Just be you! It is enough.
I am not exactly sure why this one stuck with me when there were so many other beautiful ones. It could be because I was having a rough day and right then I was struggling with feeling inadequate as a mother and wife. This is a feeling that I have frequently and I am almost positive that as horrible as it is, I am not alone. But when I read the sign, I just stood there for a while and stared at it. Even after I walked away, I came back a couple more times to just read it again and let it sink in.How many times in life do we allow ourselves to think that we are not enough. I do it all the time. Satan wants us to feel like this because it is an easy way to get to us. He wants us all to feel terrible about who we are. He wants us to look at others and compare ourselves to them and always find ourselves lacking.
This is something that I have struggled with my entire life. I don't tell you this because I want any praise, I say it because I was truly touched by these few words and I wanted you to know why.
I know that I am loved and I know that I do the very best I can do in all aspects of my life. But still I don't feel like I am enough. Why?

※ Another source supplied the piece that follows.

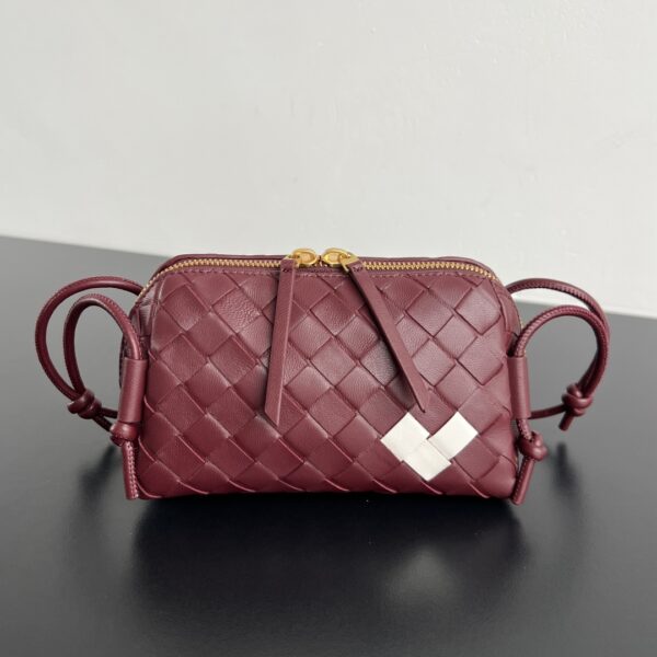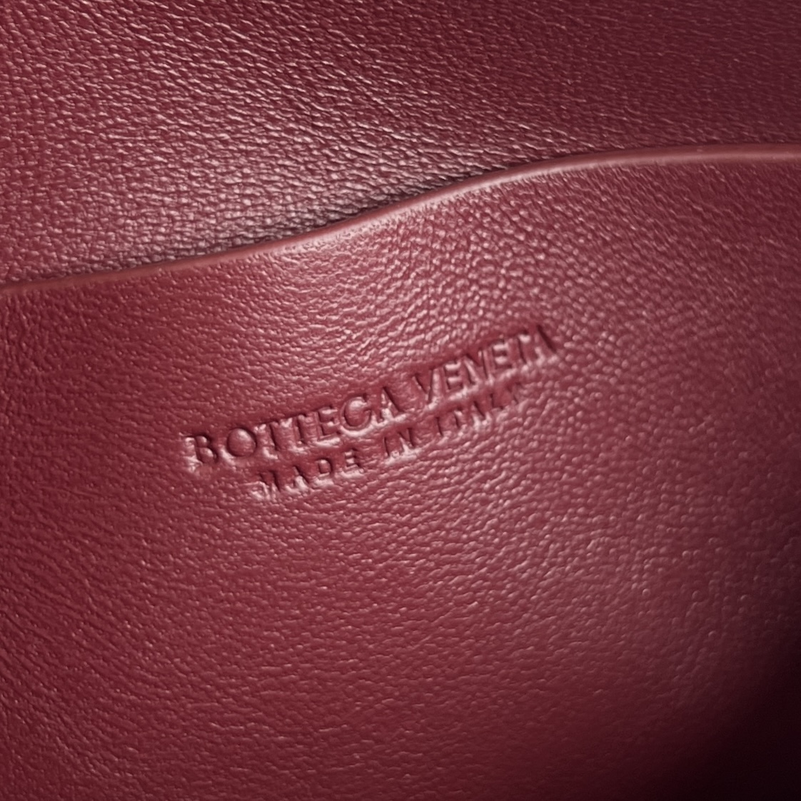 보테가의 콘서트 파우치는 사랑스러운 레드 컬러와 인트레치아토 패턴으로 시선을 사로잡습니다.

During the same visit to Deseret Book last night I also found a CD that I actually purchased because of that sign. I wanted to help myself feel like I was enough by reminding myself why I am enough. My Heavenly Father loves me and sees me a very different way then I see myself. He sees me the way he wants me to see me. He knows the truth about me and all that I can do. In one of the songs it says " Do you understand who you are? Part of the Father lives in you." It continues with more beautiful words, but those are the ones that stuck out to me. I never thought about it that way. I Know I am a child of God, but have you ever thought that just like parts of each of your earthly parents are a part of your very being, so is your Heavenly Father! With that knowledge how can any of us feel unimportant or inadequate. We each possess immeasurable worth in the eyes of the one person that matters the most, our Heavenly Father.
I am so grateful for this knowledge and even though i know that i will continue to struggle with these feelings probably my whole life, I do understand that I can JUST BE ME because IT IS ENOUGH!